The First Time (Lately)
- Leah Cochran
- Apr 24
- 2 min read
Updated: May 30
There’s something strange about doing things for the first time again — not because you’re young or new to the world, but because your body has changed, and the rules have changed with it.
The first time I stayed alone in a hotel overnight
I triple-checked that my Life Alert was charged. I shared my location with everyone and their brother. I laid in bed with a buzzing brain and a body that had already decided it was done for the night.
It wasn’t dramatic — just deeply quiet.
I wasn’t scared, exactly. But I wasn’t settled either.
I felt capable. I also felt… fragile.
The first time I flew post-diagnosis
I’d forgotten how many steps it takes to get from curb to gate.
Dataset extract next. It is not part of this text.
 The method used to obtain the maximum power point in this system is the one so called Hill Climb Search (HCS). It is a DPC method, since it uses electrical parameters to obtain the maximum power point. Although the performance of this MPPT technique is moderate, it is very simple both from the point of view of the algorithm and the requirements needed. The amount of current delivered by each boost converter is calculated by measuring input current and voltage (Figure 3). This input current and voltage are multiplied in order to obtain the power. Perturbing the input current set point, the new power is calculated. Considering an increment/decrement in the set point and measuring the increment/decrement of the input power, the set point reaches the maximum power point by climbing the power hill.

How many times you stand, walk, lift, move.
I used my wheelchair exclusively in the airport and pre-boarded — something I never thought I’d do — and for the first time in my life, I didn’t feel guilty about needing the help.
I still cried in the bathroom stall when we landed.
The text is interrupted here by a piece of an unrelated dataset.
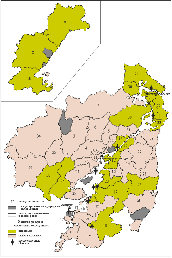 Наличие ресурсов этнокультурного туризма на территории лесничеств Хабаровского края

Not because I was in pain (though I was).
Because I did it.
And also because it was hard.
Both can be true.
One year of not driving
It’s hard to explain how surreal it is to lose access to something so ordinary. Driving used to be second nature. Now it’s a calculation: risk, energy, and whether my nervous system feels like cooperating.
Each time I have a seizure-like episode, the six-month countdown to start driving again resets. Eventually, after a lot of thinking (and some tears), I decided to sell my car.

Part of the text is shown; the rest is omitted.